Это честное и благородное решение положило конец ссоре и даже завоевало бесхитростное сердце Жана.
— Давно бы так, — сказал он, вложив руку Марты в руку Ораса, — вы лучше, чем я думал, Орас. Прекрасно, когда человек умеет так быстро и мужественно признавать свои ошибки. А Марта, разумеется, рада все забыть.
И он убежал к себе в комнату — то ли чтобы не видеть радости Марты, то ли чтобы скрыть прорвавшуюся чувствительность, которую обычно подавлял.
Несмотря на счастливую развязку, подобные сцены стали повторяться все чаще и чаще. Орас любил развлечения и отдавался им с необузданным легкомыслием. Он не мог провести дома ни одного вечера и оживал лишь в партере у Итальянцев или же в Опере. Там, правда, Орас не мог привлекать внимания, но он наслаждался, разглядывая в ложах женщин, выставлявших напоказ свою красоту или наряды перед толпой молодых людей, не имеющих средств, но жаждущих удовольствий, роскоши и богатства. Он знал по именам всех женщин, блиставших в свете, но их титулы, богатство и гордость ставили непреодолимую преграду его вожделениям. Он знал их ложи, их экипажи, их любовников; он стоял на нижней ступеньке лестницы, глядя, как они медленно проходят мимо в дорогих мехах, которые едва прикрывают их обнаженные плечи и подчас, задевая его, спадают совсем, открывая его дерзкому взгляду невозмутимо дерзкую наготу. Жан-Жак Руссо ничуть не преувеличивал, говоря о необычайном бесстыдстве светских женщин; но то была философическая грубость, которую Орас отнюдь не одобрял. Высокомерные, вызывающие взгляды этих женщин, словно говорившие: «Любуйтесь, но только издали», не охлаждали его честолюбивых стремлений. Наглый взгляд Ораса, казалось, отвечал: «Ко мне это не относится». Словом, волнения сцены, власть музыки, гипноз аплодисментов — все, вплоть до фантасмагории декораций и блеска огней, кружило юноше голову; но в конце концов вина его состояла лишь в том, что он стремился к наслаждениям, которые общество то предлагает беднякам, то отнимает, как воду у жаждущего Тантала.

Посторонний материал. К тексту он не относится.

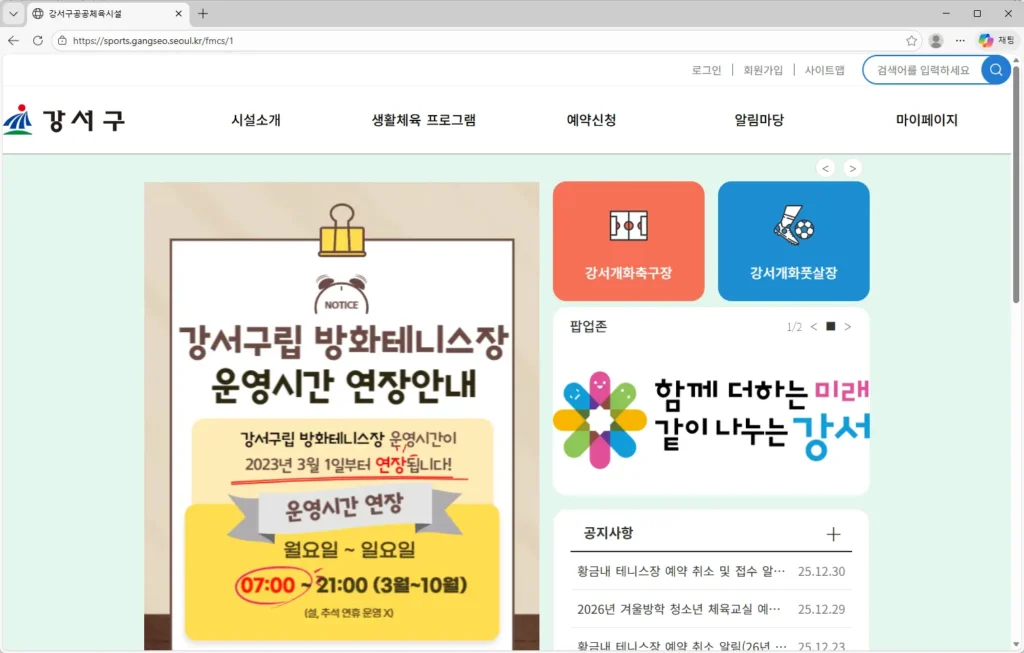- 공식 주소: sports.gangseo.seoul.kr
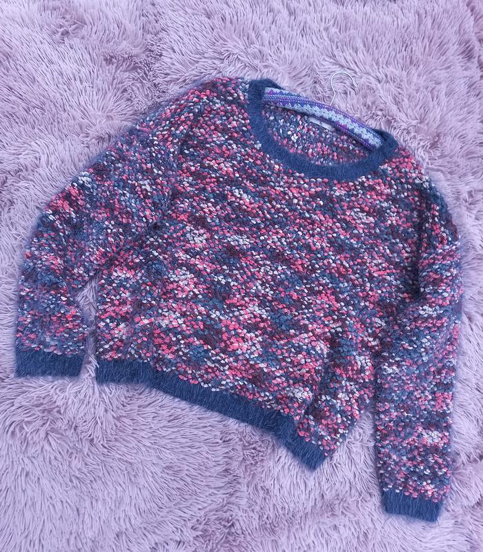 Вязаный свитер-травка, размер 20uk, замеры: длина 58, рукав 60, ПОГ 64-74, ПОТ 60, НИЗ 55-65. 60% полиэстер, 27% нейлон, 13% акрил.

Неудивительно, что, когда он возвращался в свою темную, жалкую мансарду и видел там бледную, озябшую Марту, задремавшую от усталости у погасшего очага, ему становилось не по себе от двойственного чувства раскаяния и досады. Тогда гроза разражалась по малейшему поводу; а Марта, не находя исцеления от своей злосчастной любви, жаждала конца и страстно призывала смерть.

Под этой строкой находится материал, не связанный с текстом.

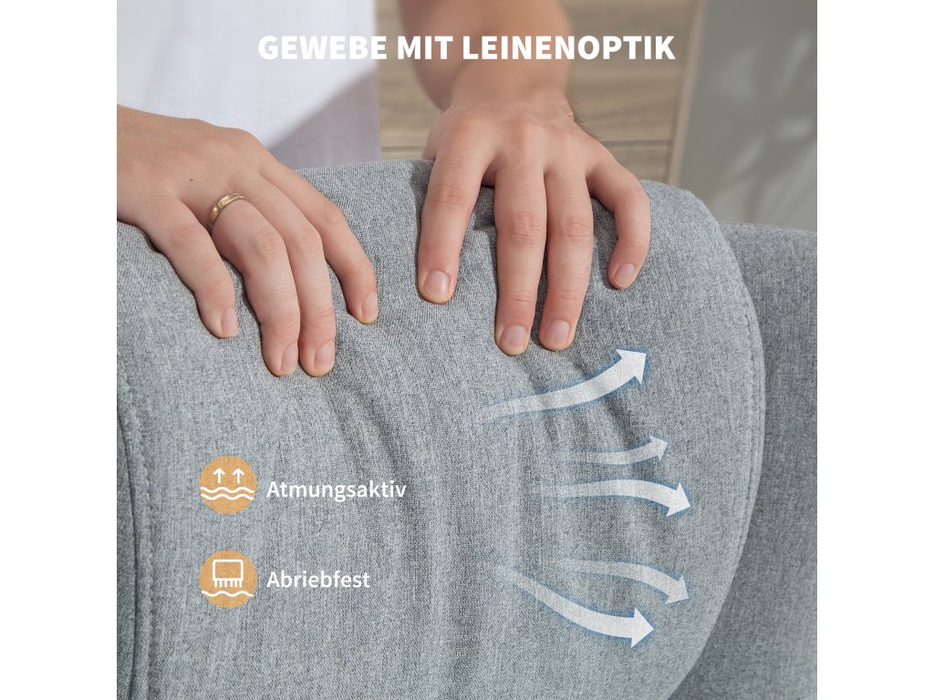 Prodyšné pohodlí: Měkká látka podobná lnu a silné pěnové polstrování vytvářejí příjemné, prodyšné polohovací křeslo, které vám umožní pohodlně relaxovat v každém ročním období. Pevná konstrukce: Díky robustní, galvanicky pokovené kovové základně nabízí TV křeslo spolehlivou oporu až do 120 kg. Ochranný kroužek na základně zabraňuje poškrábání podlahy a poskytuje dodatečnou stabilitu.
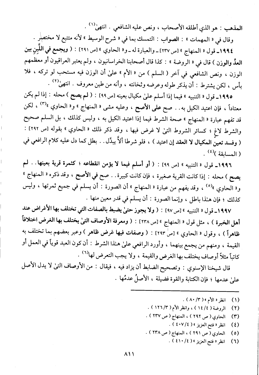 1997 - قول "التنبيه" [ص 97]: (ولا يجوز حتَّى يضبط بالصفات التي تختلف بها الأغراض عند أهل الخبرة)، مثل قول "المنهاج" [ص 238]: (ومعرفة الأوصاف التى يختلف بها الغرض اختلافًا ظاهرًا)، وقول "الحاوي" [ص 293]: (وصفات فيها غرض ظاهر) وعبر بعضهم بما تختلف به القيمة، ومنهم من يجمع بينهما، وأورد الرافعي على هذا الشرط: أن كون العبد قويا في العمل أو كاتبًا مثلًا أوصاف يختلف بها الغرض والقيمة، ولا يجب التعرض لها (¬6).
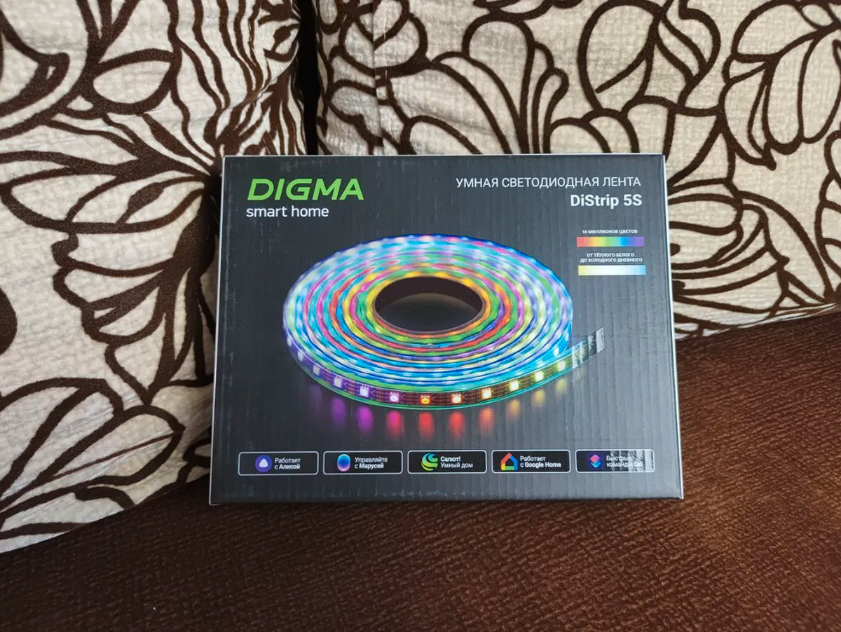 Всем привет. Решил обустроить себе игровую зону, сделал зону из поролона и решил ее подсветить, встал вопрос покупки ленты, долго искал, цена везде кусалась по примеру сбера и яндекса. Наткнулся чисто случайно на дигму, ценник приятно удивил, и к тому же она поддерживала умное управления и всех этих ассистентов. Так как главным критерием было умное управление, и у меня есть колонка с афиной, решил приобрести ее. Плюсов в отличии от конкурентов достаточно, к примеру за цену ниже, она длиной 5 метров, есть так же голосовые помощники (управление ими), и большой спектор управления через мобильное приложение и по голосу, приложение называется Digma SmartLife, скачивается с маркета или апстора, проходите регистрацию и все. Что самое интересное, есть микрофон и режим светомузыки, это значит что она мигает в такт музыке.
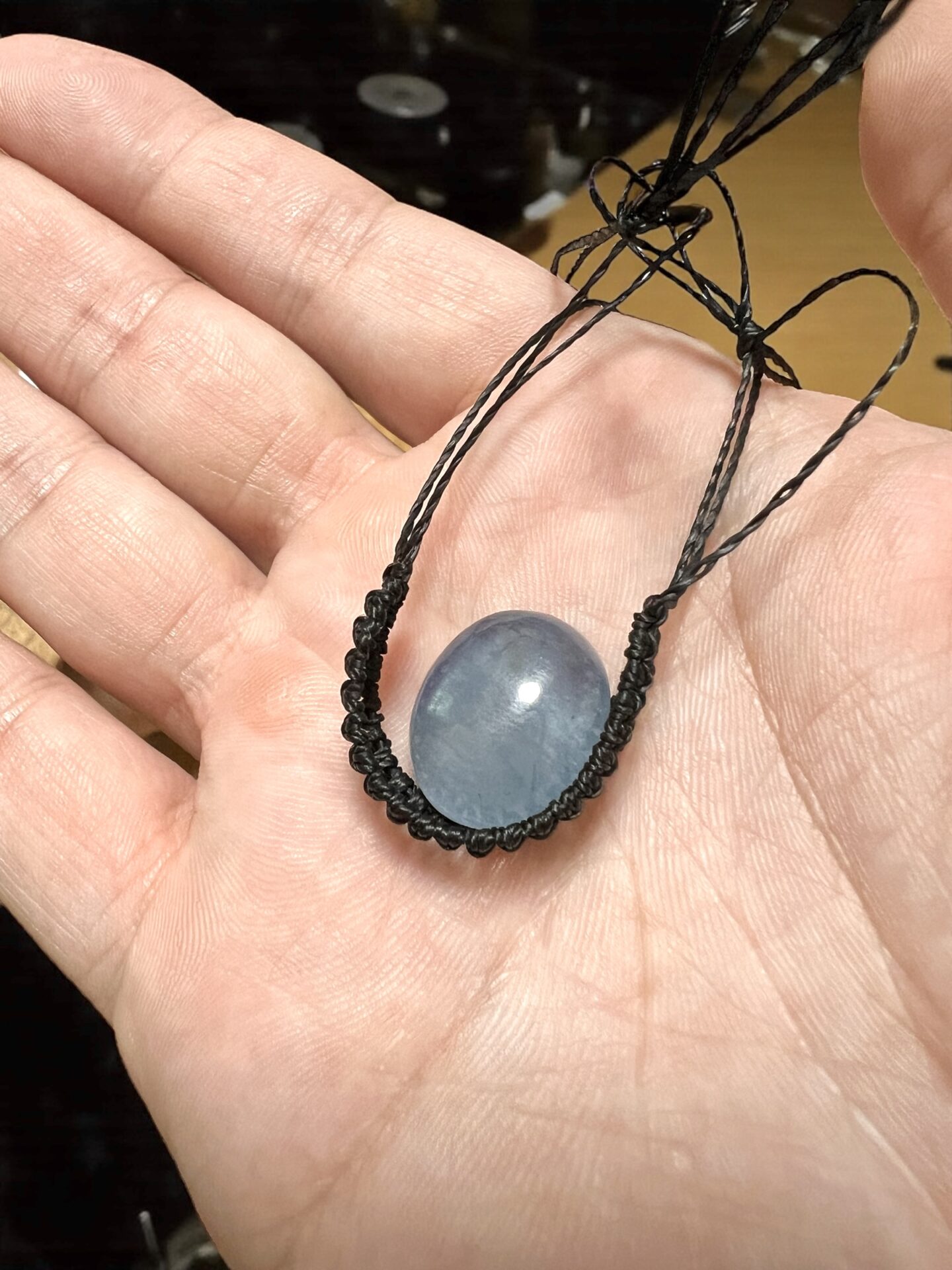 カット水晶は黒の紐とロードライトガーネットで引き締め、

Стоит лишь однажды приподнять завесу над подобной семейной тайной, как ее участники уже не могут обойтись без помощи третьего лица; к нему прибегают то как к наперснику, то как к судье. Вначале Ларавиньер был посредником. Он сердился, что его вовлекают в эти ссоры, и признавался Арсену, что, несмотря на свое намерение не вмешиваться, у него с Орасом завязалось нечто вроде дружбы. Действительно, Орас относился к нему с доверием и часто проявлял великодушие, все больше покорявшее Жана. Вопреки всем его недостаткам, в Орасе было много прекрасных качеств: вспылив, он быстро остывал; умное слово всегда находило путь к его разуму; дружеское слово еще скорее достигало его сердца; от бешеных порывов гордости и тщеславия он мог внезапно перейти к смиренному и чистосердечному раскаянию. Короче говоря, он по очереди проявлял самые противоречивые черты и наклонности, и описанная нами ссора мало чем отличалась от всех последующих, в которых Ларавиньеру приходилось выступать в роли примирителя.